The research phase proved valuable in collecting customer data to really find out what a user wanted, what problems they had with current solutions and how we could help improve their experience of booking flights. Through usability testing, interviews, online surveys and competitive benchmarking a strong sense of what was required was attained.
All of this qualitative data (and some quantitative) was then sorted and teased out using affinity diagrams, customer journey maps and flow diagrams leading to the process of interaction design and sketches to see how various screens on the website would actually look.
Prototypes were built to see the website in action and see exactly how a user would flow through the process of booking a flight. Some more testing took place and some iterations to designs before finally creating annotated wireframes for developers.
Building the prototypes of the various screens allowed for further user testing and continued design iterations.
Below is a more detailed look at various phases of the design process, explaining a little more about the various steps taken.
To get an idea of users behaviours to achieve their goals, 2 comparative usability tests were carried out on 2 individuals. The users were asked to perform various tasks on well known online flight booking sites such as Aerlingus, Ryanair and Virgin and I observed how they performed these tasks, where they struggled and listened to their suggestions and what they liked and disliked about the websites.
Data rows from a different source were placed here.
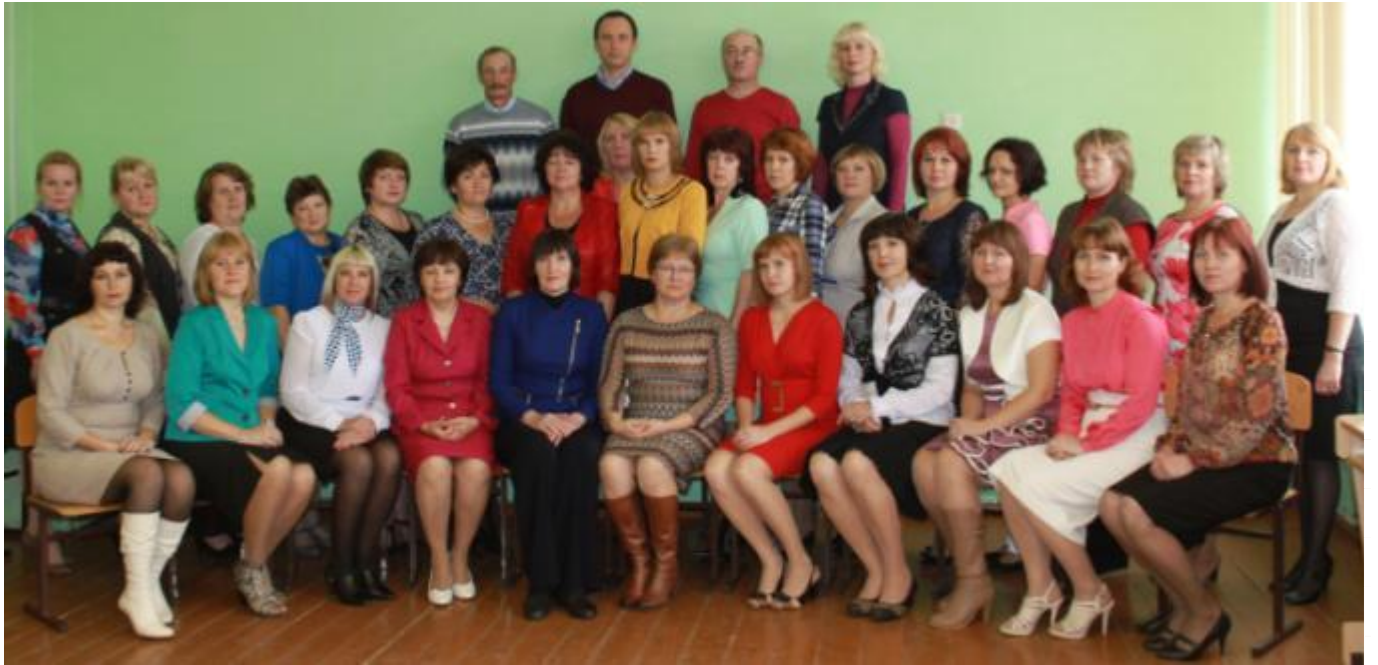
Педагогический коллектив МКОУ СОШ п.Фаленки
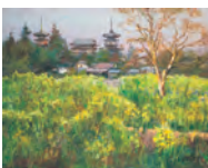
内藤定昭「春薬師寺」当館蔵(後期)
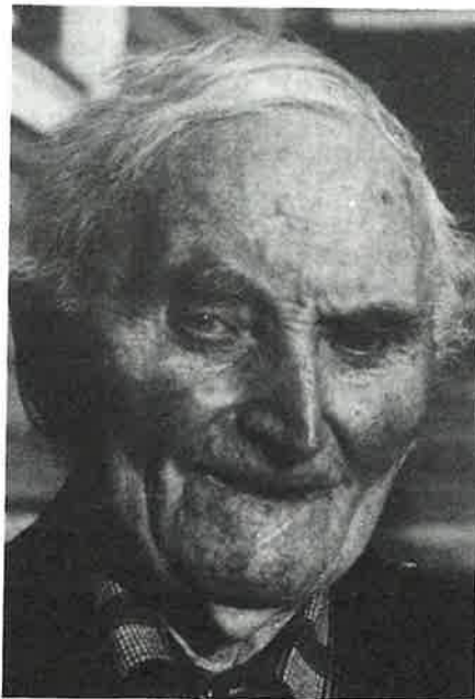
Me ynskjer lukka og signing over livskvelden.
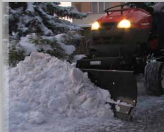
profi radlice 140 cm na předním závěsu
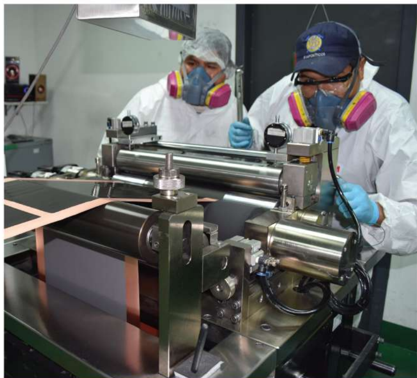
Técnicos YLB en la Planta Piloto de Materiales Catódicos y Baterías (La Palca - Potosí)

La expedición concluyó en la Planta Piloto de Materiales Catódicos en el Complejo Industrial de La Palca – Potosí, donde realizó una similar acción.
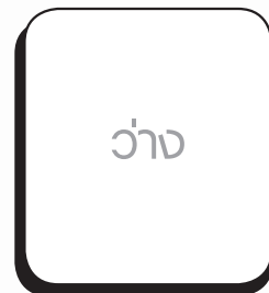
ว่าง อ.ชุมแพ เขต 1
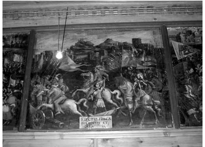
6. Innsbruck, dvorac Ambras, Progon Turaka iz Hrvatske i Slavonije , prije 1700. (?) (snimila S. Cvetnić)
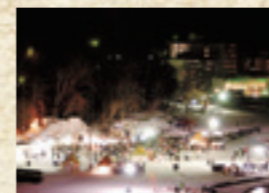
阿寒湖水上フェスティバル
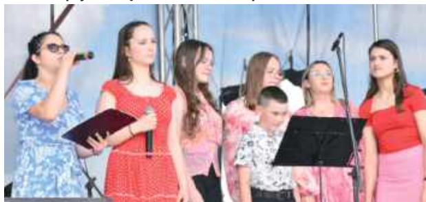
To była już V edycja Turobińskiej Gali Folkloru i Disco Polo

Along with the usability test session various interviews helped find out the context the user was usually booking flights in and their typical behaviours and what goals they wanted to achieve. I didn’t want to assume every user was simply booking a flight every time they visited a site like this as the research showed many users use these sites in different ways - search for flights to compare prices, search for flights to get ideas of where to go on holiday, add bagging or other add ons to a flight already booked and also to check in to a flight.